■ EXERCISE PROMPT
Copy every entry below exactly, and keep out the pictures.

[Recorded data]

++++++

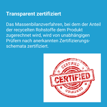 Konventionelle fossile Rohstoffe, die zur Herstellung von BASF-Produkten benötigt werden, werden durch recycelte Rohstoffe aus dem chemischen Recycling von Kunststoffabfällen oder Altreifen entlang der integrierten Produktionskette der BASF ersetzt. Der entsprechende Anteil an recycelten Rohstoffen, z.B. Pyrolyseöl, wird dem spezifischen Ccycled®-Produkt über einen zertifizierten Massenbilanzansatz zugerechnet. BASF-Standorte und Ccycled®-Produkte sind von Dritten gemäß international anerkannten Zertifizierungssystemen wie REDcert2 und ISCC PLUS zertifiziert und entsprechen den Definitionen der ISO-Norm 22095:2020. Der recycelte Rohstoff ist im BASF-Massenbilanzprodukt nicht messbar. Der PCF von der Wiege bis zum Werkstor (Cradle-to-gate) wird gemäß der TfS-Methodik sowohl nach dem Cut-off-Ansatz als auch nach dem USE-Ansatz (Upstream System Expansion) berechnet. USE berücksichtigt eine Gutschrift für die verdrängte Abfallbehandlung aus dem ersten Lebenszyklus (z.B. Verbrennung), wodurch der CO2-Fußabdruck des Produkts im Vergleich zum entsprechenden konventionellen fossilen Produkt reduziert wird.
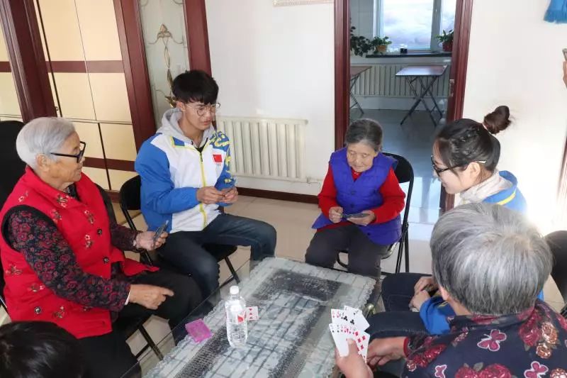 临近年关,我院老师和同学们希望在力所能及的范围内给老人们带来更多的快乐和温暖。大家怀着忐忑的心情走进了老人们所在的房间,老人们看到我们这些陌生的面孔也有些许的拘谨。在工作人员的介绍下,志愿者们与老人们渐渐熟悉了起来。老吾老以及人之老,我们亲近的与老人们话家常,逗老人们开心,并且细心地帮助老人们打扫房间卫生、晾晒被褥,推着坐轮椅的老人在公寓附近散心……不知不觉中,天色渐渐暗下来,本次的实践活动接近了尾声,志愿者们向老人们依依不舍的招手,天下没有不散的筵席,相信怀有感恩之心的志愿者们一定还会再次来看望老人们。
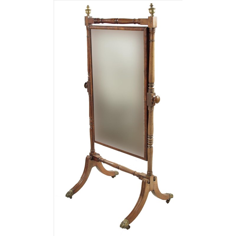 An early Victorian mahogany cheval mirror, with replaced gilt brass urn finials, 51½in (130.6cm) high, 25in (63.5cm) wide, 20in (50.8cm) deep.
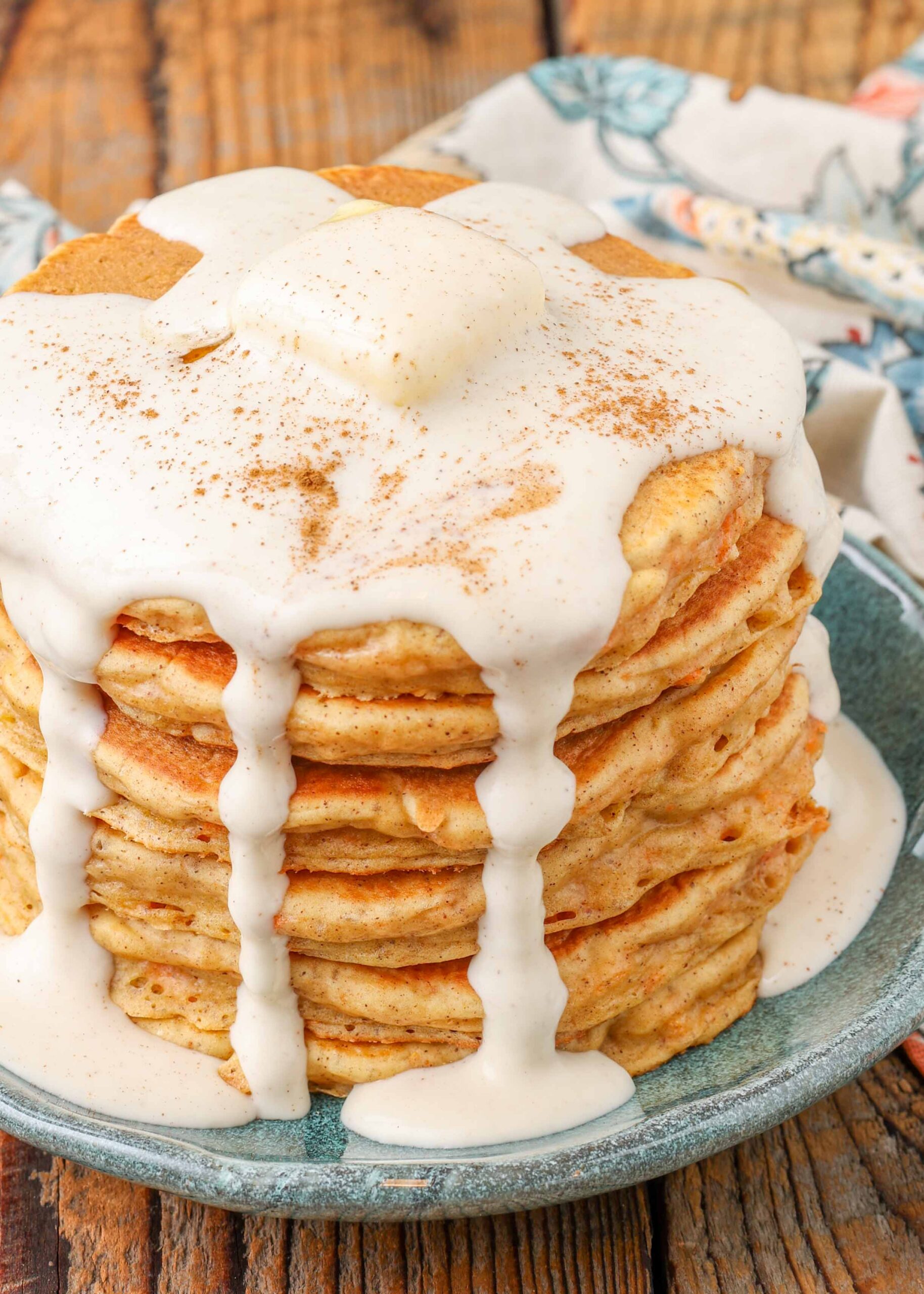- Serve pancakes warm, topped with the cream cheese frosting.
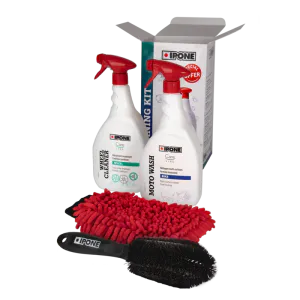 We've gathered our top cleaning products, MOTO WASH and WHEEL CLEANER, whose reputation speaks for itself, along with two new accessories: a microfiber wash mitt and a wheel brush.
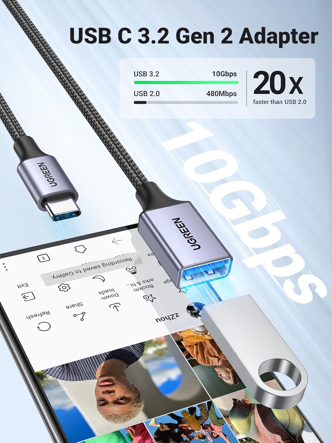 Data Transfer & Charging: 10Gbps high-speed data transfers while 2A charging for devices via USB A port. Transport files via USB A to USB C in seconds,20x faster than the USB 2.0 version (480Mbps)
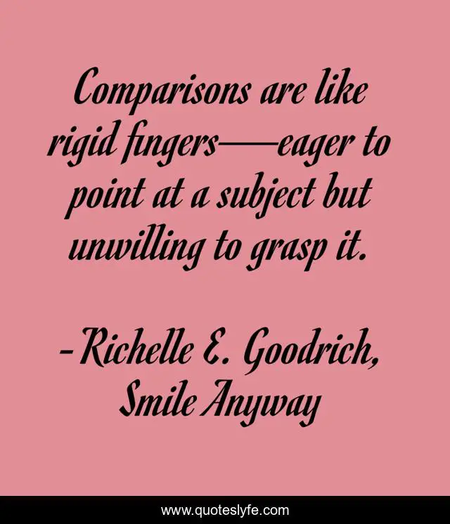 "Richelle E. Goodrich, Smile Anyway Quotes." Quoteslyfe.com, 2025. Fri. 05 Dec. 2025. <https://www.quoteslyfe.com/quote/Comparisons-are-like-rigid-fingers-eager-to-189508>.
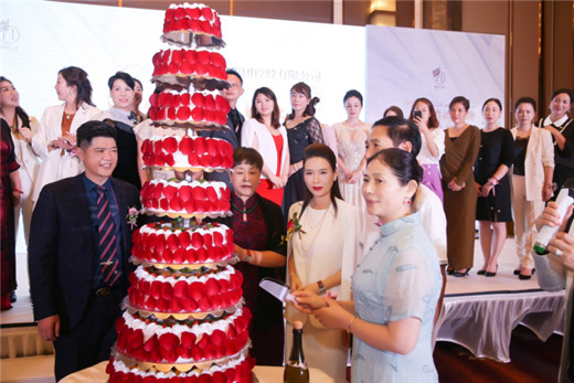 “祝你生日快乐,祝你生日快乐...”随着生日之歌的响起,每个人脸上又增添了一份喜悦的笑容,洋溢起幸福的涟漪,顶端印着赫纳诗LOGO的玫瑰九层蛋糕被推进了会场,我们围成圈,彼此交融,彼此交心,彼此真情流入,许少琴董事长与其父母一同手把手的切下了第一块蛋糕,香槟迸发,玫瑰赠人,手留余香。

++++++

■ RESULT OF THIS TASK
 Konventionelle fossile Rohstoffe, die zur Herstellung von BASF-Produkten benötigt werden, werden durch recycelte Rohstoffe aus dem chemischen Recycling von Kunststoffabfällen oder Altreifen entlang der integrierten Produktionskette der BASF ersetzt. Der entsprechende Anteil an recycelten Rohstoffen, z.B. Pyrolyseöl, wird dem spezifischen Ccycled®-Produkt über einen zertifizierten Massenbilanzansatz zugerechnet. BASF-Standorte und Ccycled®-Produkte sind von Dritten gemäß international anerkannten Zertifizierungssystemen wie REDcert2 und ISCC PLUS zertifiziert und entsprechen den Definitionen der ISO-Norm 22095:2020. Der recycelte Rohstoff ist im BASF-Massenbilanzprodukt nicht messbar. Der PCF von der Wiege bis zum Werkstor (Cradle-to-gate) wird gemäß der TfS-Methodik sowohl nach dem Cut-off-Ansatz als auch nach dem USE-Ansatz (Upstream System Expansion) berechnet. USE berücksichtigt eine Gutschrift für die verdrängte Abfallbehandlung aus dem ersten Lebenszyklus (z.B. Verbrennung), wodurch der CO2-Fußabdruck des Produkts im Vergleich zum entsprechenden konventionellen fossilen Produkt reduziert wird.
 临近年关,我院老师和同学们希望在力所能及的范围内给老人们带来更多的快乐和温暖。大家怀着忐忑的心情走进了老人们所在的房间,老人们看到我们这些陌生的面孔也有些许的拘谨。在工作人员的介绍下,志愿者们与老人们渐渐熟悉了起来。老吾老以及人之老,我们亲近的与老人们话家常,逗老人们开心,并且细心地帮助老人们打扫房间卫生、晾晒被褥,推着坐轮椅的老人在公寓附近散心……不知不觉中,天色渐渐暗下来,本次的实践活动接近了尾声,志愿者们向老人们依依不舍的招手,天下没有不散的筵席,相信怀有感恩之心的志愿者们一定还会再次来看望老人们。
 An early Victorian mahogany cheval mirror, with replaced gilt brass urn finials, 51½in (130.6cm) high, 25in (63.5cm) wide, 20in (50.8cm) deep.
- Serve pancakes warm, topped with the cream cheese frosting.
 We've gathered our top cleaning products, MOTO WASH and WHEEL CLEANER, whose reputation speaks for itself, along with two new accessories: a microfiber wash mitt and a wheel brush.
 Data Transfer & Charging: 10Gbps high-speed data transfers while 2A charging for devices via USB A port. Transport files via USB A to USB C in seconds,20x faster than the USB 2.0 version (480Mbps)
 "Richelle E. Goodrich, Smile Anyway Quotes." Quoteslyfe.com, 2025. Fri. 05 Dec. 2025. <https://www.quoteslyfe.com/quote/Comparisons-are-like-rigid-fingers-eager-to-189508>.
 “祝你生日快乐,祝你生日快乐...”随着生日之歌的响起,每个人脸上又增添了一份喜悦的笑容,洋溢起幸福的涟漪,顶端印着赫纳诗LOGO的玫瑰九层蛋糕被推进了会场,我们围成圈,彼此交融,彼此交心,彼此真情流入,许少琴董事长与其父母一同手把手的切下了第一块蛋糕,香槟迸发,玫瑰赠人,手留余香。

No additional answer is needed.